-- RECORDS FOR PROCESSING follows --

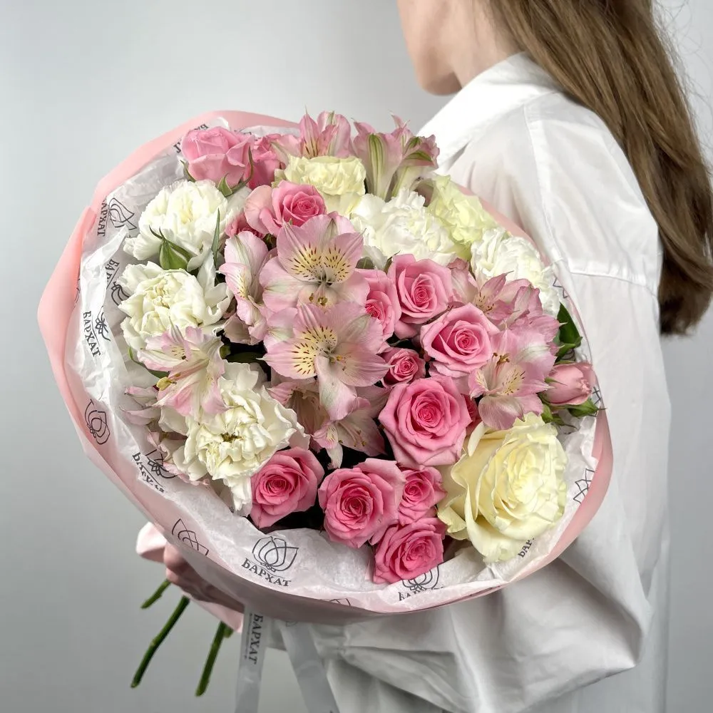 Мы стараемся собрать букет максимально похожим на фото. Возможны небольшие отличия в оттенках.
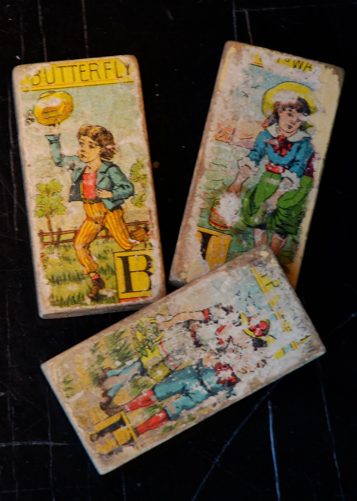 top: Victorian alphabet blocks from the late 1800's, $4.99 each.
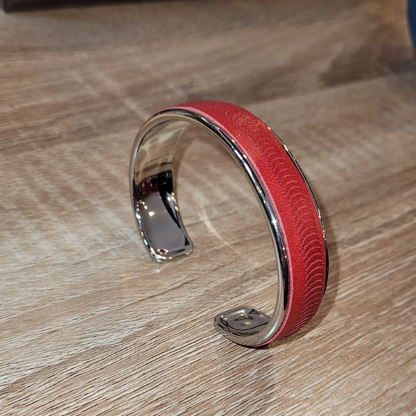 Bracelet manchette fin inox et cuir rouge écaillé
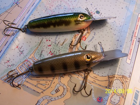 The large 10 inch walleye pattern I built it for a customer and this bait you can cast troll it just like any other crankbait like a Ernie or Depth Raider. I build this mostly for trolling it can easly reach 40 feet, the diving lip is 2 inches wide by 2.5 inches long. The other two are mostly for casting and both baits have a nice side to side swing, they hunt, this is typical of a Bomber Bait. The Bass Pattern has a coffing type lip and this one really swings from side to side about 2 feet, not by design, I just got lucky. The old Bomber baits were designed to look like a crawdad scurring backward. I got the idea when my brother was catching huge bass on Lake Geneva Wi. I figured why not make them bigger and use them for musky. You can still buy the bass size Bomber on E-Bay, its a great bait. The all action is in the the design of the lip and the attitude angle of the bait the way it sits in the waterl. Also if you noticed the two smaller baits I reversed the lip on the body mount, now looks normal, not backward. The way I fish these bombers is I like to crank down hit rocks or tops of weeds the let them pause and kind flot back up, or just a steady retrieve. The action on these baits is fantastic
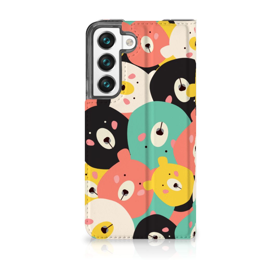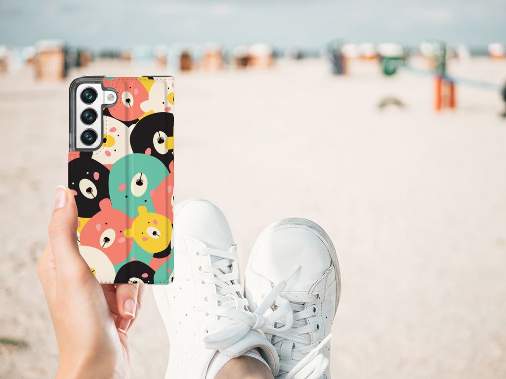 Op dit hoesje vind je een bereschattig ontwerp! Vergeef ons de woordgrap, maar hoe moeten we dit lieve ontwerp anders omschrijven? Op dit knuffelige ontwerp zie je leuke, getekende beertjes in vrolijke kleuren als geel, blauw en roze. Dankzij de contrasterende witte en zwarte beertjes vallen de felle kleurtjes nog meer op. Al met al is dit Magnet Case voor de Samsung Galaxy S22 een perfect hoesje voor de knuffelberen onder ons. Dit populaire smartphonehoesje met het Bears-design heeft één vakje voor een pasje of briefgeld en is aan alle zijden bedrukt. Met de standcase zet je je telefoon gemakkelijk neer, zodat je je handen vrij hebt als je bijvoorbeeld een video wilt kijken. De binnenkant van de standcase is van grijs PU-leer. Dat is fijn, omdat je daardoor niet snel vlekken ziet op je hoesje.
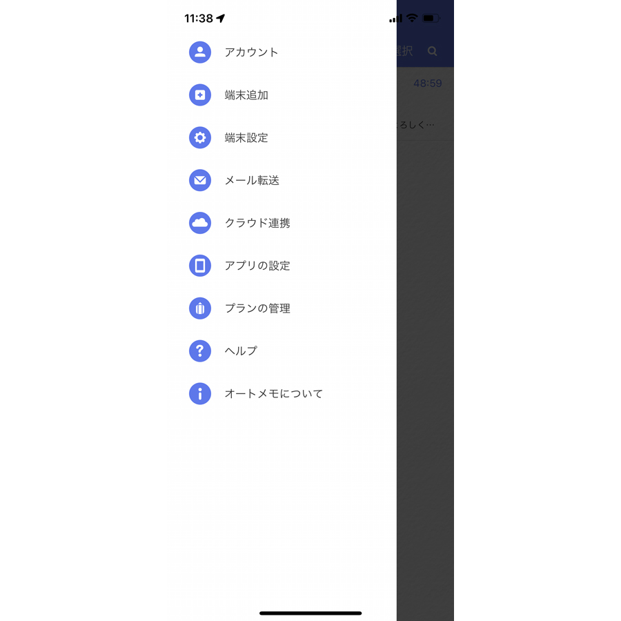 画面左上にある横三本線ボタンをタップするとテキストデータを「メール転送」したり、テキストと音声データをクラウドに保存する「クラウド連携」が利用できます。
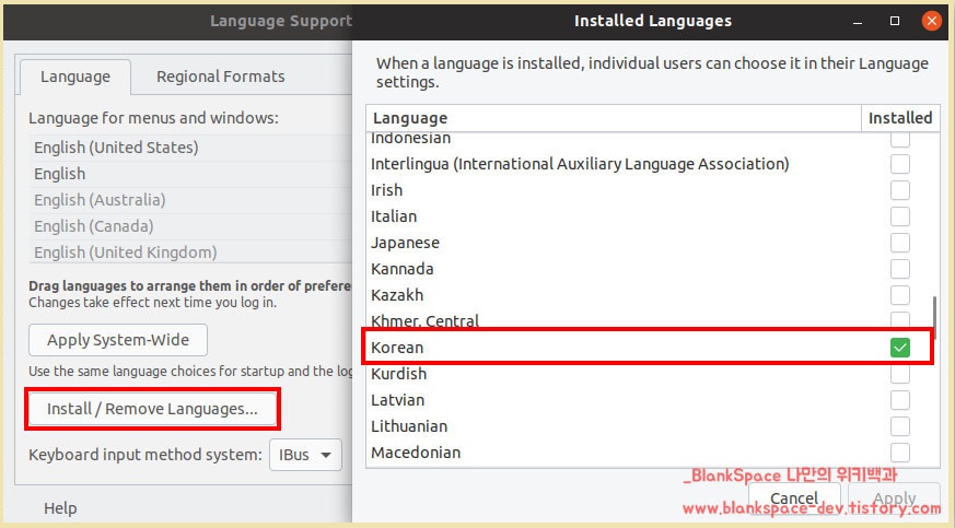 위와 같이 설치를 하시면 한글이 제대로 설치되실 것입니다. (저의 경우에는 해결하였는데, 혹시나 문제가 있으시면 댓글 남겨주세요.)
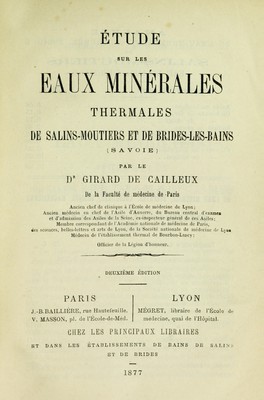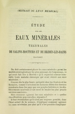 Credit: Etudes sur les eaux minérales, thermales de Salins-Moutiers et de Brides-Les-Bains (Savoie). Source: Wellcome Collection.
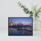 Vykort med två belysta vindkraftverk och en dragbro med reflektion i kanalens vatten i det sista ljuset vid solnedgången i Kinderdijk i Nederländerna med svart kant och texten: "Nederländerna".
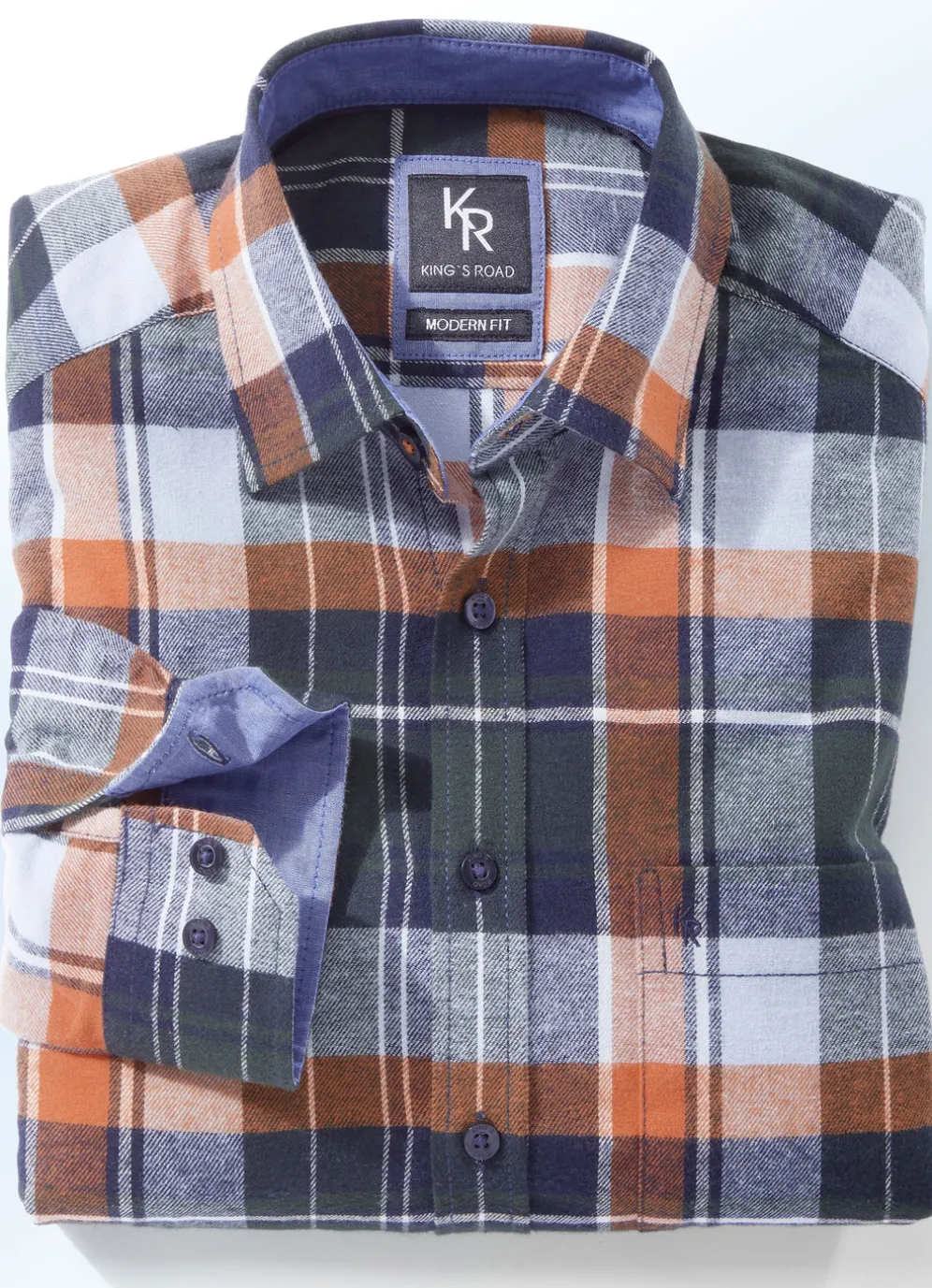 „King’s Road“-Flanellhemd in 6 Farben in Marine-Bleu-Weiss Kariert und in Größe S(37/38).
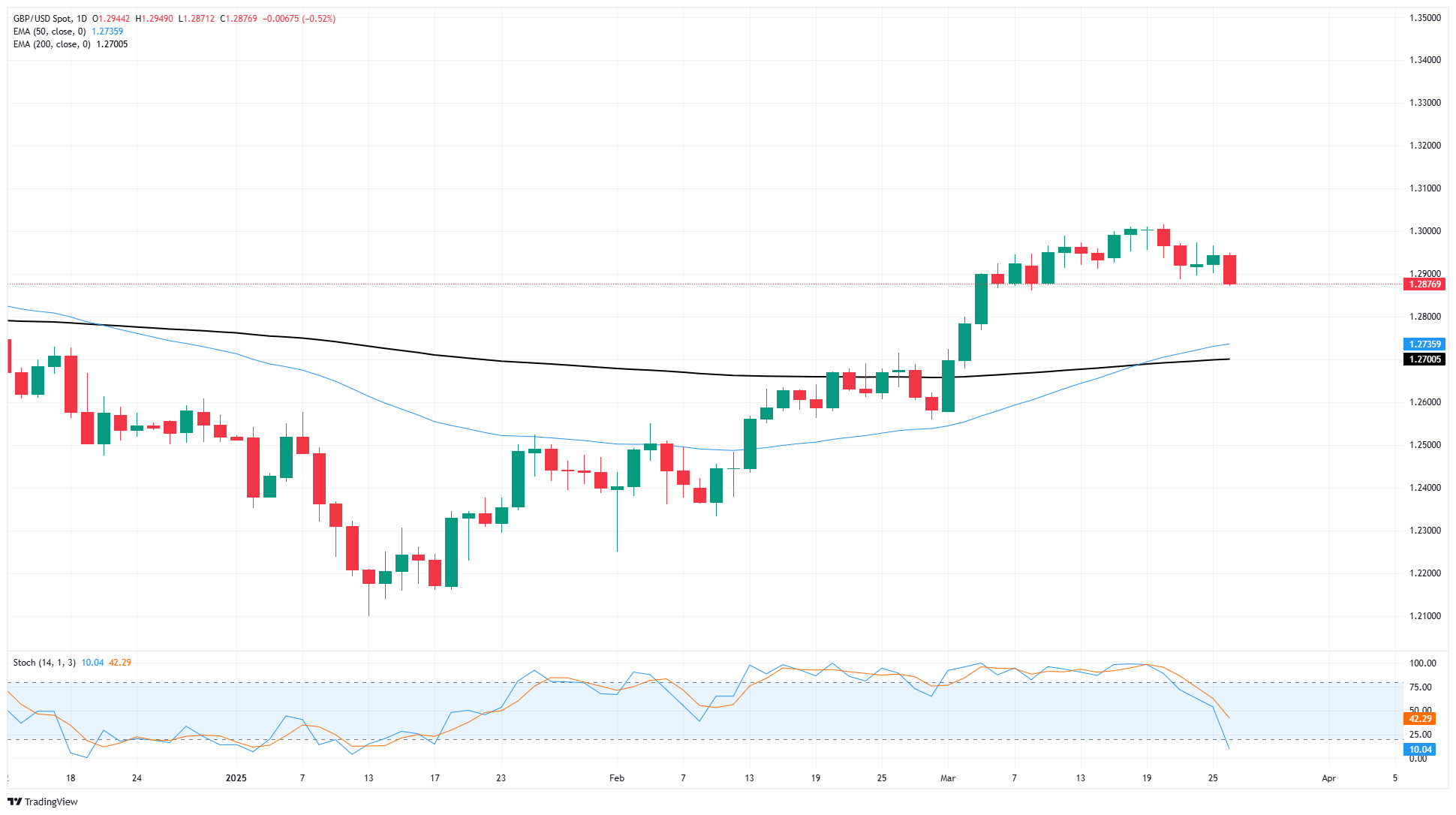 英镑/美元周三大幅下跌,跌幅达到六十分之一,重新跌回 1.2900 美元关口下方,市场情绪因美国总统唐纳德·特朗普的新一轮关税威胁而受到冲击。
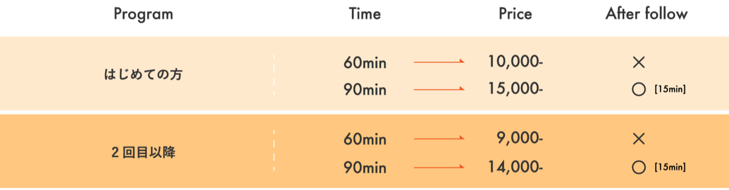 ※アフターフォローカウンセリングの時間は、プログラムにより異なります 。
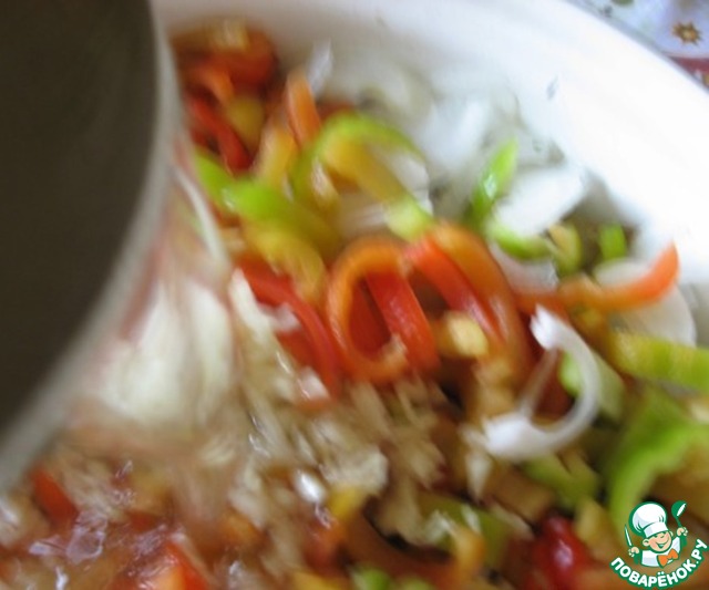 Болгарский перец нарезать соломкой.
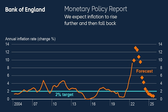 英倫銀行預期,通脹10月份達13.3%峰值,並在2023年大部分時間維持非常高水平。

-- RECORDS FOR PROCESSING concluded --

WORK TASK » Every line of the listing above is to be repeated exactly, with its pictures left out.

ANSWER TO THIS TASK »
 Мы стараемся собрать букет максимально похожим на фото. Возможны небольшие отличия в оттенках.
 top: Victorian alphabet blocks from the late 1800's, $4.99 each.
 Bracelet manchette fin inox et cuir rouge écaillé
 The large 10 inch walleye pattern I built it for a customer and this bait you can cast troll it just like any other crankbait like a Ernie or Depth Raider. I build this mostly for trolling it can easly reach 40 feet, the diving lip is 2 inches wide by 2.5 inches long. The other two are mostly for casting and both baits have a nice side to side swing, they hunt, this is typical of a Bomber Bait. The Bass Pattern has a coffing type lip and this one really swings from side to side about 2 feet, not by design, I just got lucky. The old Bomber baits were designed to look like a crawdad scurring backward. I got the idea when my brother was catching huge bass on Lake Geneva Wi. I figured why not make them bigger and use them for musky. You can still buy the bass size Bomber on E-Bay, its a great bait. The all action is in the the design of the lip and the attitude angle of the bait the way it sits in the waterl. Also if you noticed the two smaller baits I reversed the lip on the body mount, now looks normal, not backward. The way I fish these bombers is I like to crank down hit rocks or tops of weeds the let them pause and kind flot back up, or just a steady retrieve. The action on these baits is fantastic
 Op dit hoesje vind je een bereschattig ontwerp! Vergeef ons de woordgrap, maar hoe moeten we dit lieve ontwerp anders omschrijven? Op dit knuffelige ontwerp zie je leuke, getekende beertjes in vrolijke kleuren als geel, blauw en roze. Dankzij de contrasterende witte en zwarte beertjes vallen de felle kleurtjes nog meer op. Al met al is dit Magnet Case voor de Samsung Galaxy S22 een perfect hoesje voor de knuffelberen onder ons. Dit populaire smartphonehoesje met het Bears-design heeft één vakje voor een pasje of briefgeld en is aan alle zijden bedrukt. Met de standcase zet je je telefoon gemakkelijk neer, zodat je je handen vrij hebt als je bijvoorbeeld een video wilt kijken. De binnenkant van de standcase is van grijs PU-leer. Dat is fijn, omdat je daardoor niet snel vlekken ziet op je hoesje.
 画面左上にある横三本線ボタンをタップするとテキストデータを「メール転送」したり、テキストと音声データをクラウドに保存する「クラウド連携」が利用できます。
 위와 같이 설치를 하시면 한글이 제대로 설치되실 것입니다. (저의 경우에는 해결하였는데, 혹시나 문제가 있으시면 댓글 남겨주세요.)
 Credit: Etudes sur les eaux minérales, thermales de Salins-Moutiers et de Brides-Les-Bains (Savoie). Source: Wellcome Collection.
 Vykort med två belysta vindkraftverk och en dragbro med reflektion i kanalens vatten i det sista ljuset vid solnedgången i Kinderdijk i Nederländerna med svart kant och texten: "Nederländerna".
 „King’s Road“-Flanellhemd in 6 Farben in Marine-Bleu-Weiss Kariert und in Größe S(37/38).
 英镑/美元周三大幅下跌,跌幅达到六十分之一,重新跌回 1.2900 美元关口下方,市场情绪因美国总统唐纳德·特朗普的新一轮关税威胁而受到冲击。
 ※アフターフォローカウンセリングの時間は、プログラムにより異なります 。
 Болгарский перец нарезать соломкой.
 英倫銀行預期,通脹10月份達13.3%峰值,並在2023年大部分時間維持非常高水平。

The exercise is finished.